RateControlEnable的设置是对整个video sequence做的。
用-d "*.cfg"不用-f "*.cfg"!!!(-f好像是组合参数,lencod -f "encoder_baseline.cfg"对于没有修改的JM中的lencod运行出错)
可以用Bit_Buffer来计算每一帧的大小,但是好像不能计算slice的大小。
image.c:Bit_Buffer[total_frame_buffer] = (int) (stats->bit_ctr - stats->bit_ctr_n);
original图像:
/ buf = malloc (xs*ys * symbol_size_in_bytes)
image.c-->ReadOneFrame()-->
\ read(p_in, buf, bytes_y)
但是buf的值在ReadOneFrame()最后被释放:free (buf);
通过imgY_org_frm保存的是16位,高8位为0x00:
buf2img(imgY_org_frm_JV[0], buf, xs, ys, symbol_size_in_bytes);
buf2img(imgUV_org_frm[0], buf, xs_cr, ys_cr, symbol_size_in_bytes);
buf2img(imgUV_org_frm[1], buf, xs_cr, ys_cr, symbol_size_in_bytes);
重要参数:
stats->bit_ctr_parametersets_n:SPS和PPS的位数
start_sequence()-->stats->bit_ctr_parametersets_n = len;
encode_one_frame()-->stats->bit_ctr_parametersets_n=0;
stats->bit_ctr_n: 当前处理的帧之前的所有位数
encode_one_frame()-->stats->bit_ctr_n = stats->bit_ctr;
stats->bit_ctr: 在ReportFirstframe()中清零!
ReportFirstframe()-->stats->bit_ctr = 0;
ok:
output:
.cfg
ReportFrameStats = 0 # (0:Disable Frame Statistics 1: Enable)

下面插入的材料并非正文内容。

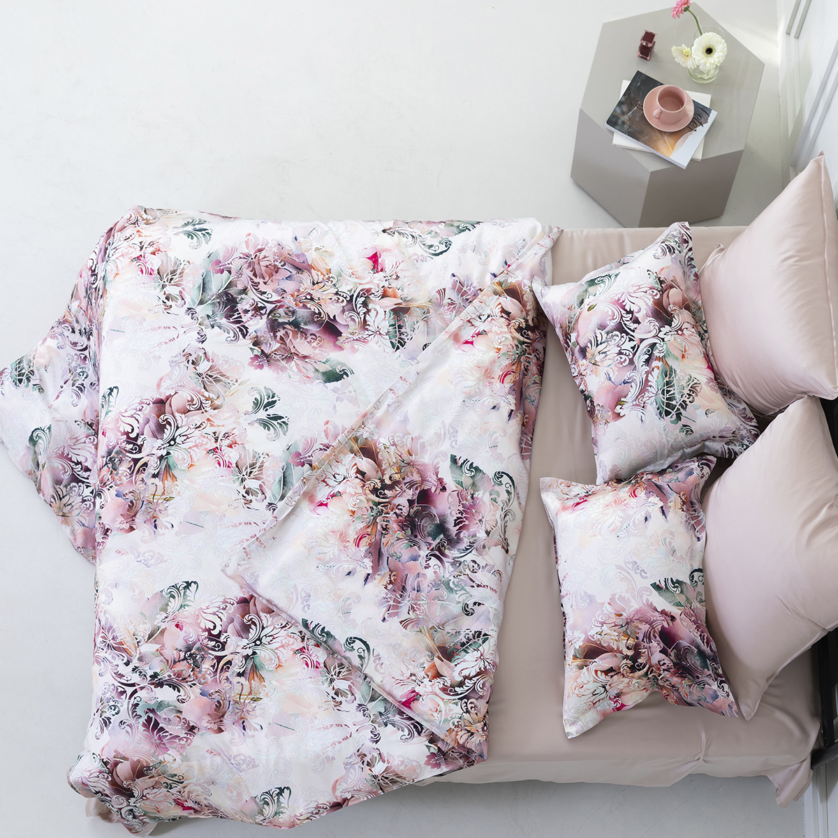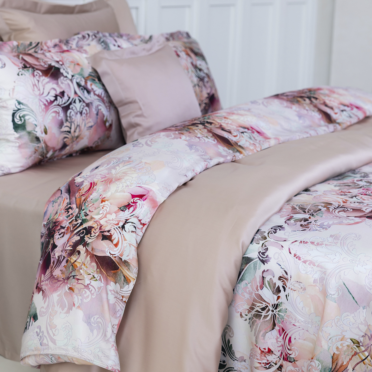 Гладить постельное белье рекомендуем слегка влажным при t° не выше 150 °C.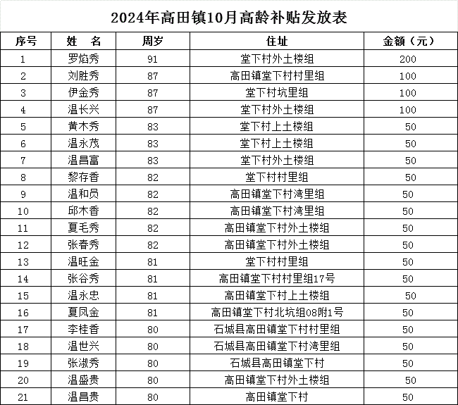 【老年人申領(lǐng)補(bǔ)貼和發(fā)放信息】2024年高田鎮(zhèn)堂下村10月高齡補(bǔ)貼發(fā)放表

DisplayEncParams = 0 # (0:Disable Display of Encoder Params 1: Enable)
Verbose = 1 # level of display verboseness (0:short, 1:normal, 2:detailed)
in dump_dpb(), we may set DUMP_DPB = 1 to get debug information!
全局变量:
frame_pic
defined in global.h: Picture **frame_pic;
*img:
defined in lencod.c: ImageParameters images, *img = &images;
referenced in global.h: extern ImageParameters *img;
difference between JM13 and JM14:
there is no LoopFilterDisable in JM14, but deblocking filter!
-------------------------decoder-----------------------------------------
decoder architecture
运动补偿过程:
预测mv:在预测一个宏块的mv时,相邻的a,b,c若不可用,则置零。
mv_a = block_a.available ? tmp_mv[list][block_a.pos_y][block_a.pos_x][hv] : 0;
mv_b = block_b.available ? tmp_mv[list][block_b.pos_y][block_b.pos_x][hv] : 0;
mv_c = block_c.available ? tmp_mv[list][block_c.pos_y][block_c.pos_x][hv] : 0;
decode_one_slice()-->read_one_macroblock()-->SetMotionVectorPredictor()
读入运动矢量:
curr_mv [k] = (short)(curr_mvd[k] + pred_mv[k]);
decode_one_slice()-->read_one_macroblock()-->readMotionInfoFromNAL()-->readMBMotionVectors()
读入coefficients:
read_one_macroblock()-->readCBPandCoeffsFromNAL()
执行mpr:(并没有加上residue)
memcpy(&(curr_mpr[0][ioff]), &(block[0][0]), hor_block_size * ver_block_size * sizeof(imgpel));
decode_one_slice()-->decode_one_macroblock()-->perform_mc()-->mc_prediction()
执行transform:
inverse4x4()
decode_one_slice()-->decode_one_macroblock()-->iTransform()-->iMBtrans4x4()-->itrans_4x4()
mpr加上residue:
m7[j][i] = iClip1(max_imgpel_value, rshift_rnd_sf((m7[j][i] + ((long)mpr[j][i] << DQ_BITS)), DQ_BITS));
decode_one_slice()-->decode_one_macroblock()-->iTransform()-->iMBtrans4x4()-->itrans_4x4()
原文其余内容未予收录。